-- PROMPT --
Return all of the data verbatim, dropping any picture.

─── THE DATA

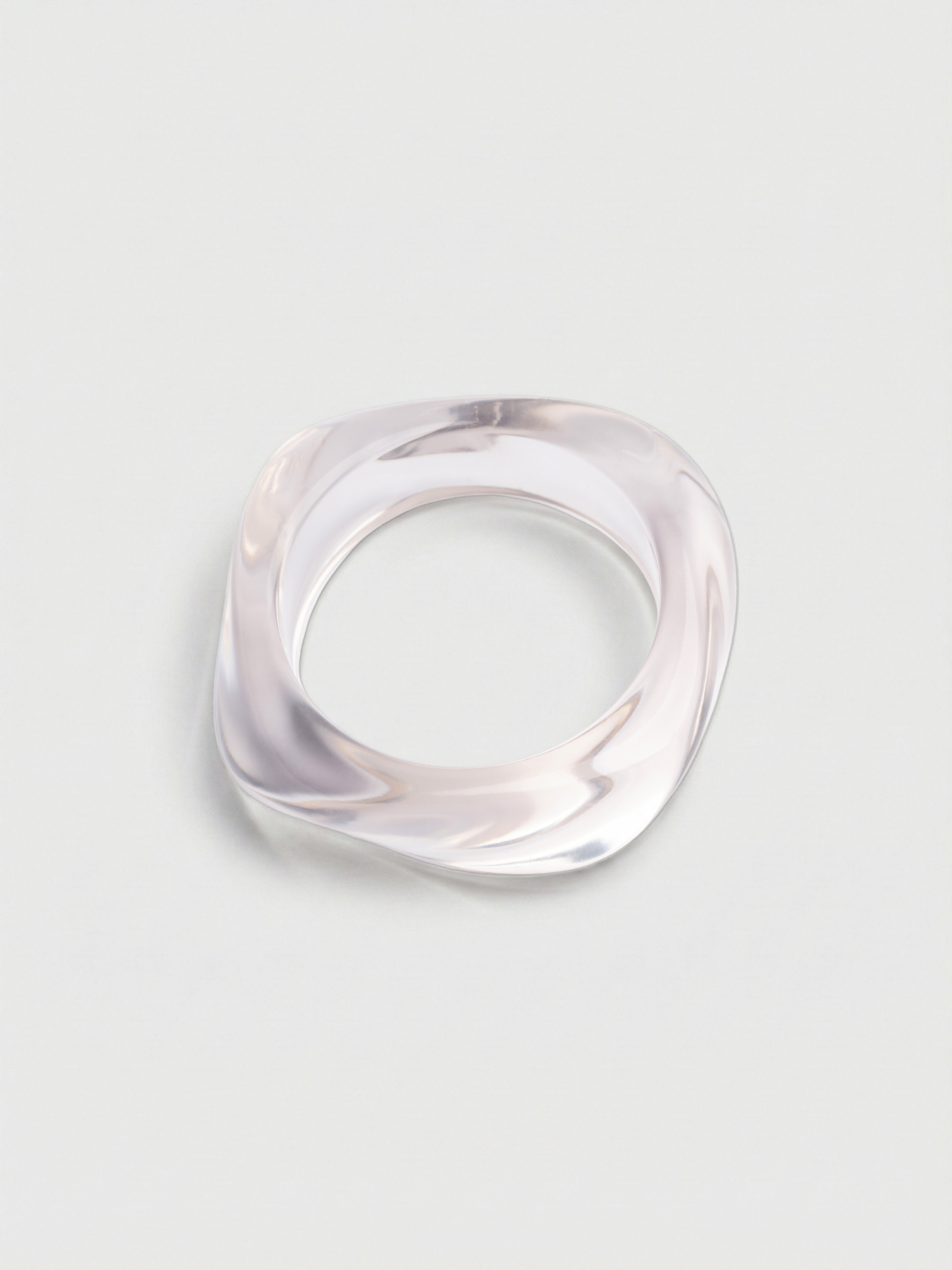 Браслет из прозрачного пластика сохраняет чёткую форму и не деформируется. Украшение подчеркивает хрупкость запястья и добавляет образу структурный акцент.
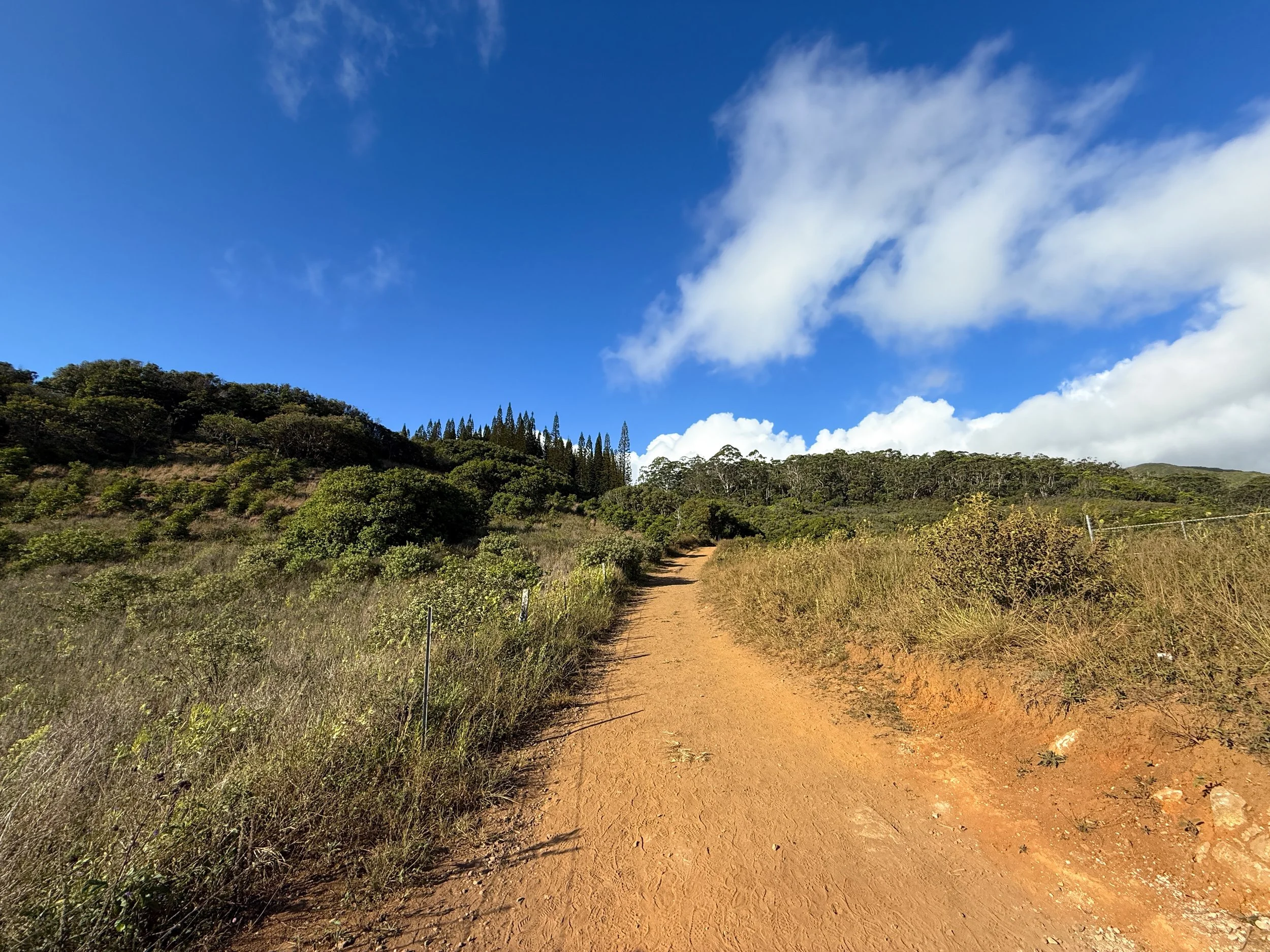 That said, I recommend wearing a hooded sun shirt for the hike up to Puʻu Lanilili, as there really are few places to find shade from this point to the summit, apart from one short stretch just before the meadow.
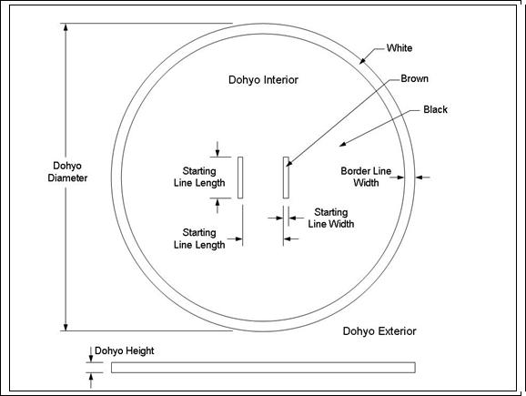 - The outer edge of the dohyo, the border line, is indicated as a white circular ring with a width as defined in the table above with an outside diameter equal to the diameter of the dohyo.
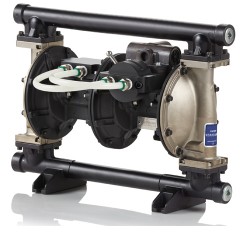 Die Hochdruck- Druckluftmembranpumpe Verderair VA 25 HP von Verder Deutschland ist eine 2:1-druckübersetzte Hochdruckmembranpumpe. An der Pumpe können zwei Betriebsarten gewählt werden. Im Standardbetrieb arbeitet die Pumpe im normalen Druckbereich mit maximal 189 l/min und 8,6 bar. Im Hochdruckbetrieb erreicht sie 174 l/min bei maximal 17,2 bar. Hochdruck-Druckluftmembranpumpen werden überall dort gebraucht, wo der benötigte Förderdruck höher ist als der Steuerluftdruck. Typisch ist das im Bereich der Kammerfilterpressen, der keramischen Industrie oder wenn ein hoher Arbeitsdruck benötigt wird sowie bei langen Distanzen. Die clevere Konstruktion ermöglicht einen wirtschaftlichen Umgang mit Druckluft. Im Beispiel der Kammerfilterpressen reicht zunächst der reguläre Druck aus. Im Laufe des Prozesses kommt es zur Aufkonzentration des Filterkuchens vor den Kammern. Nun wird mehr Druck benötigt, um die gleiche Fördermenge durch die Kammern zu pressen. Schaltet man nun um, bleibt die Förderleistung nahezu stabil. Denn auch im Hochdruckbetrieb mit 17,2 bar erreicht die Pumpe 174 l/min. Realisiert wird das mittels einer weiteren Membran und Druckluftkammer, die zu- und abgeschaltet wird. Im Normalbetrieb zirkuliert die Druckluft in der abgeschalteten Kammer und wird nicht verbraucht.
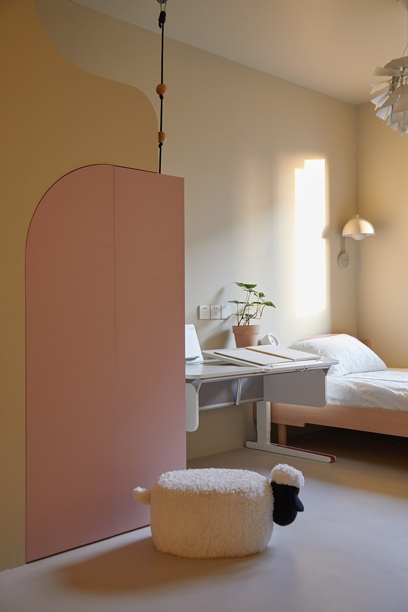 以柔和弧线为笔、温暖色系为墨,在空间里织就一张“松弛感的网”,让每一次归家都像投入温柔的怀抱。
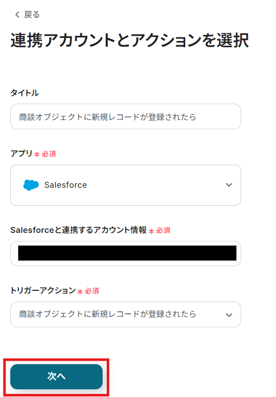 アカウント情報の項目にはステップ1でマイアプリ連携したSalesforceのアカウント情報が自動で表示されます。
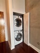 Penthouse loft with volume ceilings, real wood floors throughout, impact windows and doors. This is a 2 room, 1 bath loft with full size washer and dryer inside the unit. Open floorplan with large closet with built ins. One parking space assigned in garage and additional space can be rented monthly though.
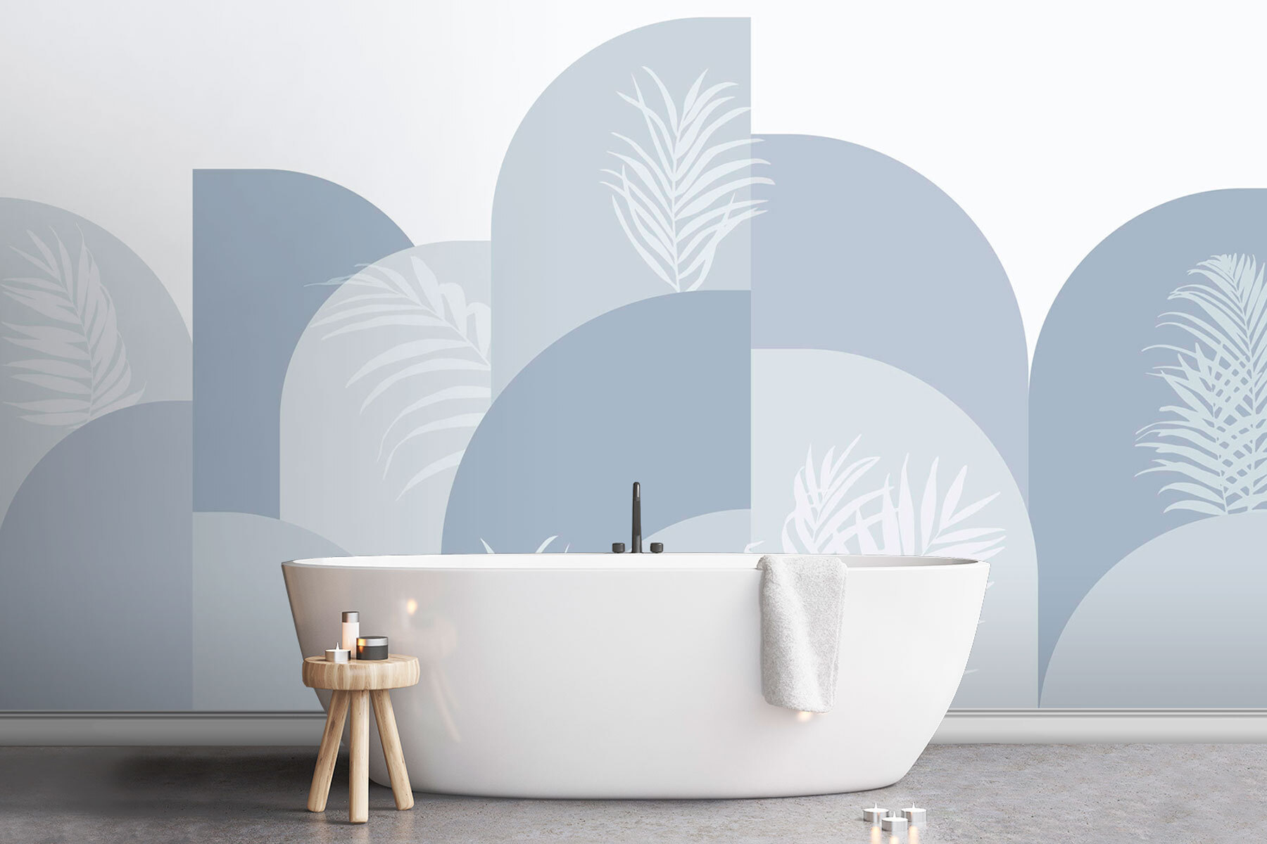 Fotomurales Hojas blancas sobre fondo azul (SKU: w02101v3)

──────

-- EXERCISE OUTPUT --
 Браслет из прозрачного пластика сохраняет чёткую форму и не деформируется. Украшение подчеркивает хрупкость запястья и добавляет образу структурный акцент.
 That said, I recommend wearing a hooded sun shirt for the hike up to Puʻu Lanilili, as there really are few places to find shade from this point to the summit, apart from one short stretch just before the meadow.
 - The outer edge of the dohyo, the border line, is indicated as a white circular ring with a width as defined in the table above with an outside diameter equal to the diameter of the dohyo.
 Die Hochdruck- Druckluftmembranpumpe Verderair VA 25 HP von Verder Deutschland ist eine 2:1-druckübersetzte Hochdruckmembranpumpe. An der Pumpe können zwei Betriebsarten gewählt werden. Im Standardbetrieb arbeitet die Pumpe im normalen Druckbereich mit maximal 189 l/min und 8,6 bar. Im Hochdruckbetrieb erreicht sie 174 l/min bei maximal 17,2 bar. Hochdruck-Druckluftmembranpumpen werden überall dort gebraucht, wo der benötigte Förderdruck höher ist als der Steuerluftdruck. Typisch ist das im Bereich der Kammerfilterpressen, der keramischen Industrie oder wenn ein hoher Arbeitsdruck benötigt wird sowie bei langen Distanzen. Die clevere Konstruktion ermöglicht einen wirtschaftlichen Umgang mit Druckluft. Im Beispiel der Kammerfilterpressen reicht zunächst der reguläre Druck aus. Im Laufe des Prozesses kommt es zur Aufkonzentration des Filterkuchens vor den Kammern. Nun wird mehr Druck benötigt, um die gleiche Fördermenge durch die Kammern zu pressen. Schaltet man nun um, bleibt die Förderleistung nahezu stabil. Denn auch im Hochdruckbetrieb mit 17,2 bar erreicht die Pumpe 174 l/min. Realisiert wird das mittels einer weiteren Membran und Druckluftkammer, die zu- und abgeschaltet wird. Im Normalbetrieb zirkuliert die Druckluft in der abgeschalteten Kammer und wird nicht verbraucht.
 以柔和弧线为笔、温暖色系为墨,在空间里织就一张“松弛感的网”,让每一次归家都像投入温柔的怀抱。
 アカウント情報の項目にはステップ1でマイアプリ連携したSalesforceのアカウント情報が自動で表示されます。
 Penthouse loft with volume ceilings, real wood floors throughout, impact windows and doors. This is a 2 room, 1 bath loft with full size washer and dryer inside the unit. Open floorplan with large closet with built ins. One parking space assigned in garage and additional space can be rented monthly though.
 Fotomurales Hojas blancas sobre fondo azul (SKU: w02101v3)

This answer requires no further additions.